L'Egypte amorce sa transition, la vie revient à la normale place Tahrir

13 février 2011 à 9h29 par La rédaction

LE CAIRE (AFP)

Un pouvoir de transition, avec l'armée aux commandes et un gouvernement gérant les affaires courantes, prenait ses marques en Egypte où la vie revenait à la normale, avec notamment la réouverture dimanche à la circulation de la place Tahrir, haut lieu de la révolte au Caire. 

L'armée, dépositaire du pouvoir après la chute vendredi du président Hosni Moubarak, a promis samedi une "transition pacifique" vers "un pouvoir civil élu".

Le conseil suprême des forces armées a annoncé que le gouvernement nommé par M. Moubarak quelques jours avant son départ resterait en place pour assurer la gestion des affaires courantes.

Ce dernier tiendra dimanche sa première réunion depuis la démission de M. Moubarak, selon l'agence officielle Mena.

L'armée n'a toutefois pas donné de calendrier ni présenté de mesures plus précises pour cette transition.

Dans le même temps, Le Caire reprenait ses habits d'avant la révolte.Dans la matinée, la circulation a repris sur la place Tahrir, épicentre du soulèvement populaire qui a fait au moins 300 morts, selon l'ONU et l'organisation Human Rights Watch.

Seule une partie de la place, où quelques centaines de manifestants étaient encore présents, restait fermée au trafic.

Les manifestations sur ce grand rond-point pendant 18 jours avaient paralysé le centre-ville d'ordinaire bouillonnant d'activité.

Les tanks de l'armée postés aux entrées de la place, étaient toujours présents, mais ne bloquaient pas les accès.

Quelques brèves échauffourées ont eu lieu entre des soldats et quelques dizaines de protestataires irréductibles qui refusaient de quitter les lieux.

"Nous ne voulons pas partir.Nous resterons jusqu'à ce que l'armée entende nos demandes", a assuré Ahmed Afifi, 21 ans, évoquant la levée de l'état d'urgence et la libération des manifestants arrêtés.

"L'armée veut tuer la révolution, elle veut que les gens s'en aillent", a renchéri Abou Tasneem, 28 ans, professeur de français à Alexandrie.

La plupart des protestataires avaient néanmoins quitté sans encombre les lieux après la démission de M. Moubarak, permettant le début samedi des opérations de nettoyage.

Ces dernières se poursuivaient dimanche matin.Des soldats démontaient des tentes, jetaient les bâches en plastique et autres matériaux dans une benne, aidés par des civils qui empilaient les couvertures et balayaient le sol.

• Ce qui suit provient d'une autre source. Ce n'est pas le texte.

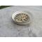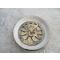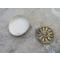 Cendrier vintage de forme circulaire en céramique avec décoration amovible en métal doré patiné "soleil" - FRANCE (Vers 1960-70)
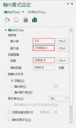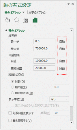 軸のオプションを選択すると、境界値や目盛間隔が自動になっているのが分かります。
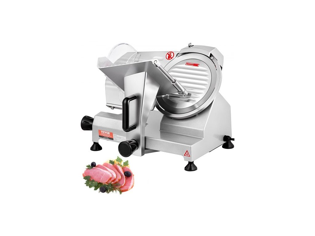 VEVOR Komerční kráječ masa, 200W elektrický kráječ lahůdek, 350-400 ot./min. kráječ masa s čepelí z uhlíkové oceli 20,3 cm, nastavitelná tloušťka 0 - 1,2 cm, elektrický kráječ masa pro domácí i komerční použití
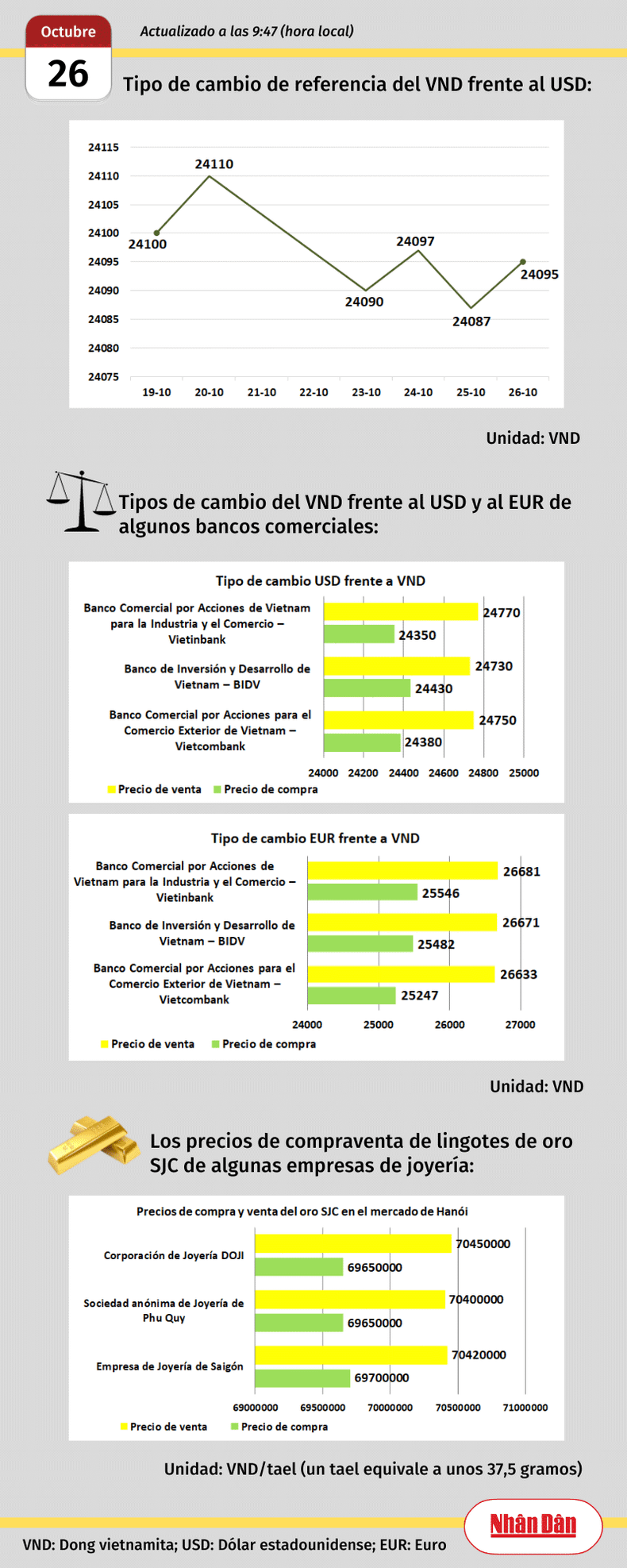Infografía: Mercado de divisas y oro de Vietnam - 26 de octubre de 2023

"Tous mes rêves sont devenus réalité", a assuré Nour Kersha, un étudiant de 24 ans."Moubarak est parti, nous allons poursuivre le nettoyage de la place jusqu'à la rendre propre".

Samedi, l'armée s'est engagée à respecter les traités internationaux signés par l'Egypte, dont les accords de paix avec Israël.L'Egypte est, avec la Jordanie, le seul pays arabe à avoir signé un traité de paix avec l'Etat hébreu.

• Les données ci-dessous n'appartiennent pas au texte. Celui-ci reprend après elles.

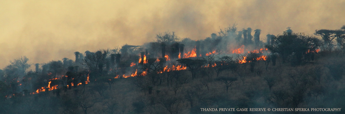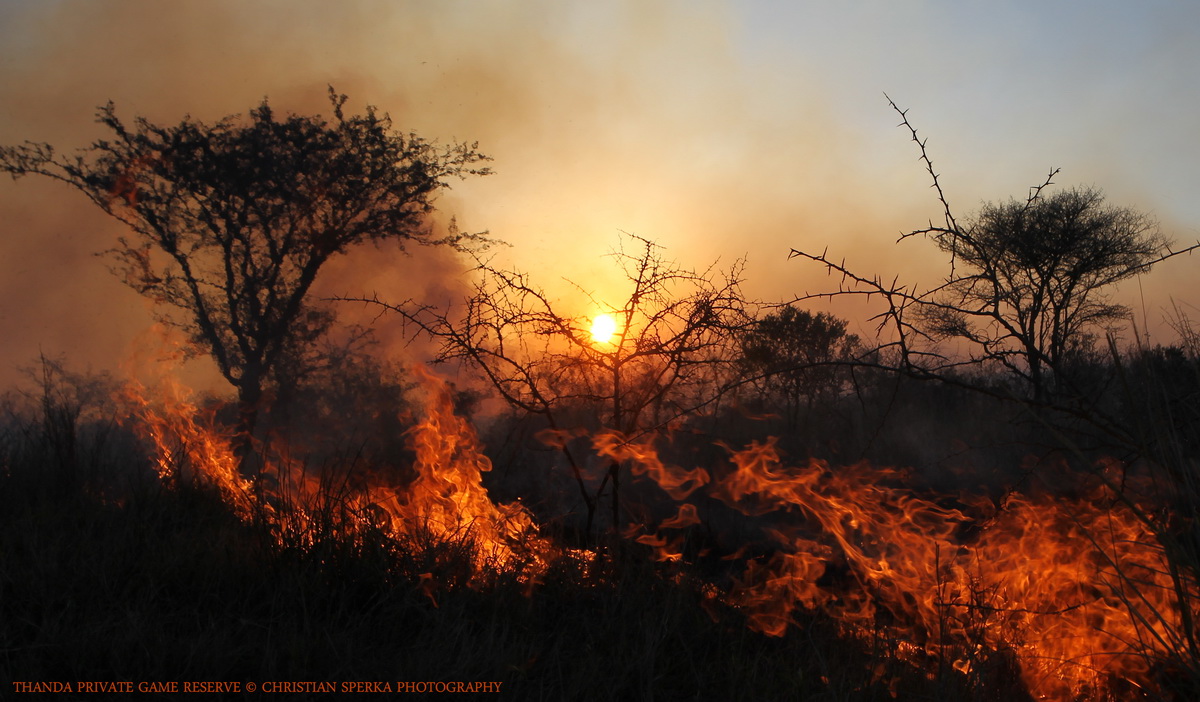 Just before the rainy season starts Thanda reserve management is helping the bushveld to rejuvenate by burning some parts of the reserve which have very long dry grass left from the winter season.
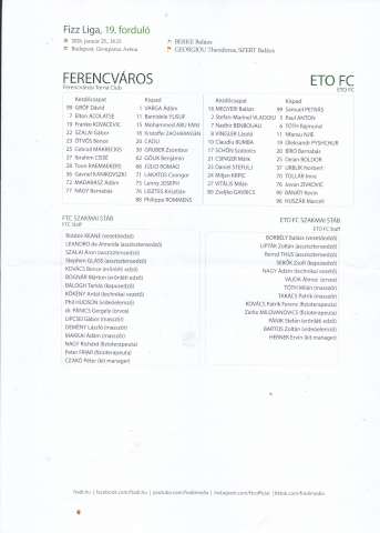 FTC: Gróf – Cissé, Raemaekers, Szalai (Gruber, 78.) – Makreckis, Ötvös, Madarász, Kanikovszki (Abu Fani, 78.), Nagy B. – Acolatse (Yusuf, 62.), Kovacevic (Joseph, 87.) vezetőedző: Robbie Keane. Győr: Megyeri – Vladoiu (Tóth R., 57.), Krpics, Csinger (Boldor, a szünetben), Stefulj – Vitális, Vingler, Gavrics (Bánáti 83.), Bumba (Huszár, 90.), Schön (Njie, 57.) – Benbouali, vezetőedző: Borbély Balázs. Sárga lapok: Ötvös (88.), illetve Schön (33.), Vitális (40.) és Krpics (69.), gólok: Kovacevic (49.), illetve Benbouali (61.), Bumba (72.) és Stefulj (86.).
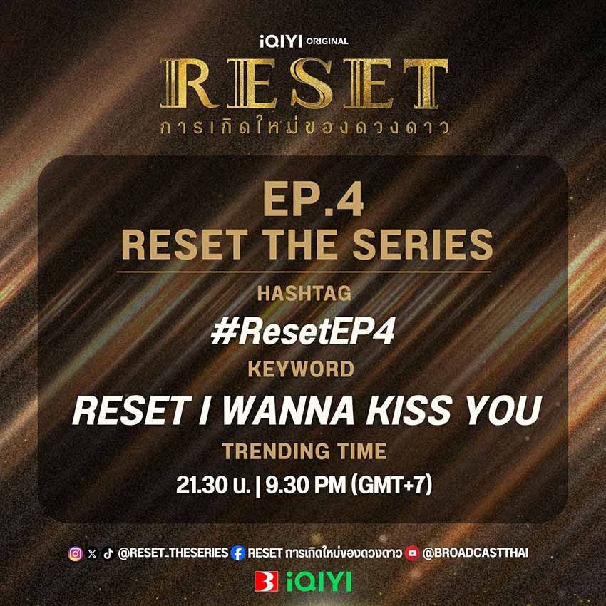 23-06-2568 : On Mondays !! *** Trending Time : 21:30 น. | 09:30 PM (GMT+7) Keyword : RESET I WANNA KISS YOU Hashtag : #.ResetEP4 *** ดูสดทุกวันจันทร์ เวลา 22.30 น. ทางช่อง 3HD และดูออนไลน์เวอร์ชัน UNCUT เวลา 22.45 น. บนแอป #iQIYI และเว็บ iQ.com ที่เดียวเท่านั้
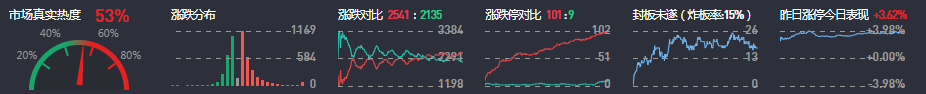 3、两市共2541只个股上涨,101只个股涨停,2135只个股下跌,9只个股跌停,17只股票炸板,炸板率15%。
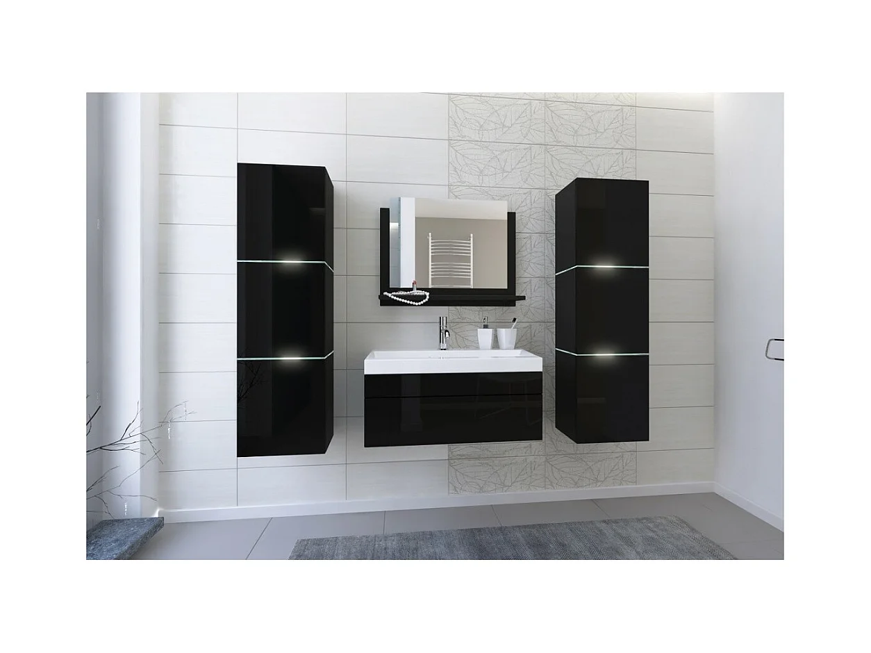Conjunto de muebles de baño negro colección BIRD. 2 columnas, mueble bajo lavabo, lavabo de 80 cm, espejo, sifón y luces LED.
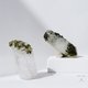 這次挑選了兩個特別的綠簾共生白水晶 第一顆晶體內部下方夾著雲霧 雲霧之上尖頂透亮 四周散落著綠簾共生 平放於桌上臥躺看著世界 . 第二顆晶體內部透亮上下夾著雲霧 很像穿梭於雲霧之中的景象 特色之處在於尖部與綠簾共生的”佛頂涅槃” . 涅槃水晶是指經歷多次造山運動及地殼擠壓,水晶被破壞修復後,刻痕呈現蝕刻和熔融的紋路,其豐富的樣貌類似佛頭,所歷經修練的過程如涅槃重生,是一種擁有强大精神力量的石頭,具有非常强勁淨化效果 涅槃水晶的經歷同時可以幫助我們開發靈性的層面,提高使用者的洞察力和思考能力,在學習不同的課題的時候帶來各種靈感和啟發。非常適合在靜坐冥想時手握以及放在睡床旁邊,帶來靈感與指引方向。 . 綠簾石(epidote),源於希臘語epidosis,意為增長,指的是祂晶體一面比另一面長,屬於單斜晶系,常以柱狀呈現,柱面上有縱向條紋,顏色以黃綠至綠黑色居多,含鐵量愈高顏色愈深,每個綠簾都自帶風景,擁有強大自然治癒力,能調和身心、消除不安與憂鬱、增加現代都市人與大自然的連結,由於產量稀少,也是喜歡意境感礦石的玩家必收藏 綠簾石對應於心輪,能使我們不再逃避、勇敢面對困難,引領我們更專注於自我的目標,進而改變與實踐。 #RR069 ◆產地|四川 ◆脈輪|心輪、第九輪 ◆五行|缺木者 ◆生命靈數|0、4 ◆淨化方式|月光、流水、音樂、薰香 ◆推薦對象|夢想家、創業者、領導管理階層 ◆適用| -找尋靈感 -自我挑戰 -改善逃避問題 -實踐目標 -清理負面情緒 -與自然連結 ⚠️產品尺寸為手工測量,存在部分誤差 ⚠️所有照片均為產品實物拍攝,照片可 能會有部分色差 ⚠️原礦都是自然呈現的樣貌,小磕碰、天然牙損、色差或小晶體剝落都是可能發生的狀況,若無法接受者請勿下單 ⚠️其他問題歡迎私訊小編
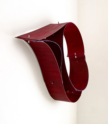 Sperrholz-, Kunststoff- oder Metallstreifen werden unter Spannung miteinander verbunden (geleimt oder geschraubt), wodurch sie wodurch sie sich zu Kurven verformen. Löst man einen von dem anderen, verändert sich die Gesamtform. Die Objekte verformen sich durch ihr Eigengewicht und je nach dem wie herum man
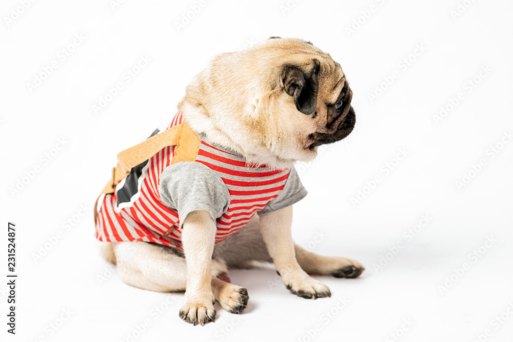 Cute dog pug breed wearing shirt making funny and serious face feeling confused and happiness isolated on white background,Animal Friendly Concept

Le gouvernement israélien, qui n'a pas caché ces derniers jours ses craintes de voir émerger au Caire un nouveau pouvoir hostile à cet accord, s'est félicité de ces "assurances", ajoutant que ce traité était "une pierre angulaire pour la paix et la stabilité dans tout le Moyen-Orient".

Le président américain Barack Obama a quant à lui "salué" samedi la promesse faite par l'armée égyptienne d'une transition pacifique vers un pouvoir civil élu.

Le Maroc a exprimé l'espoir que l'Egypte continue de jouer son rôle "primordial", notamment "dans la défense des causes arabes".

Le président du Parlement iranien, Ali Larijani, a quant à lui affirmé dimanche que les Etats-Unis tentaient de "confisquer" la révolution du peuple égyptien.

Sur le plan judiciaire, le procureur général a interdit à l'ancien Premier ministre Ahmad Nazif et à l'actuel ministre de l'Information Anas el-Fekki de quitter le pays "au vu des plaintes déposées contre eux", a rapporté la Mena, sans plus de précision sur ce qui leur était reproché.La télévision publique a annoncé peu après la démission de M. Fekki.